We have developed novel murine models of NHL that demonstrate the cooperation between BCR-derived signals and MYC overexpression during B-cell lymphomagenesis. We introduced a transgenic BCR onto the Eμ-MYC background to generate Eμ-MYC/BCRHEL transgenic mice. These mice develop tumors composed of mature, naive B cells, resembling a subset of CD5− B-cell chronic lymphocytic leukemia (B-CLL) malignancies in humans.9 The further introduction of a transgene encoding for the cognate antigen, soluble hen egg lysosyme (sHEL), onto the Eμ-MYC/BCRHEL background results in more aggressive tumors composed of activated mature post–germinal center (GC)–like B cells.

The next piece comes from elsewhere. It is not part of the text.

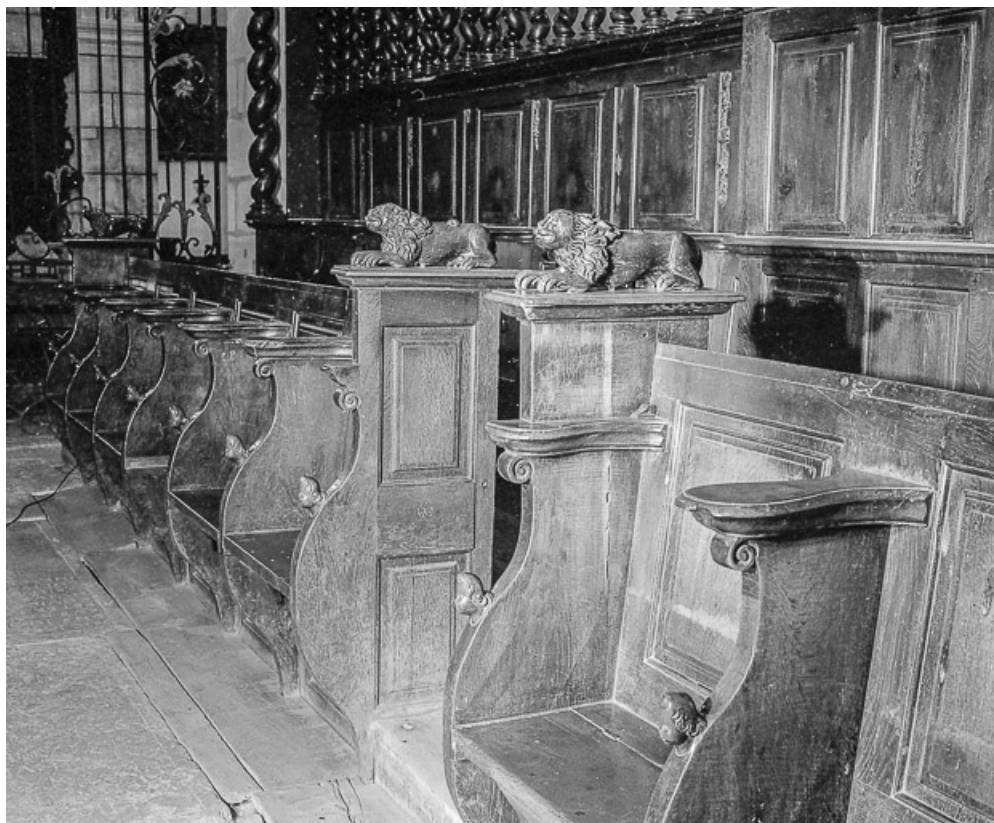
Stalles de la rangée de droite.

Tumors in Eμ-MYC/BCRHEL/sHEL mice strongly resemble BL by several criteria.6 Pharmacologic and genetic disruption of BCR signaling indicates that both Eμ-MYC/BCRHEL and in Eμ-MYC/BCRHEL/sHEL tumors require BCR expression for their maintenance, although the nature of the BCR signal is different and is responsible for the different tumor phenotypes.6 Our results suggest that Eμ-MYC/BCRHEL tumor B cells rely on a BCR signal analogous to a constitutive BCR survival signal,10,11 whereas Eμ-MYC/BCRHEL/sHELs depend on a chronic cognate antigen–driven signal.9
The BCR is composed of a variant extracellular antigen–interacting subunit (IgM) coupled to 2 invariant cytoplasmic signaling subunits, Igα and Igβ. These subunits become phosphorylated on immunoreceptor tyrosine-based activation motifs (ITAMs) by Src family kinases after antigen-dependent aggregation of the BCR. Spleen tyrosine kinase (Syk) is a nonreceptor kinase that is recruited to dually phosphorylated ITAMs on Igα and Igβ after BCR aggregation. Once recruited to the BCR complex, Syk is activated and can phosphorylate several targets, including BLNK and PLCγ2, to propagate BCR signaling via a robust calcium response.12 Syk-deficient mice have a near complete developmental block at pre-pro–B-cell stage.13 Other work demonstrates that Syk is necessary for the maintenance of mature naive B cells.14 These data suggest that Syk is necessary to transduce constitutive BCR signals10,11 in addition to cognate antigen–driven signals.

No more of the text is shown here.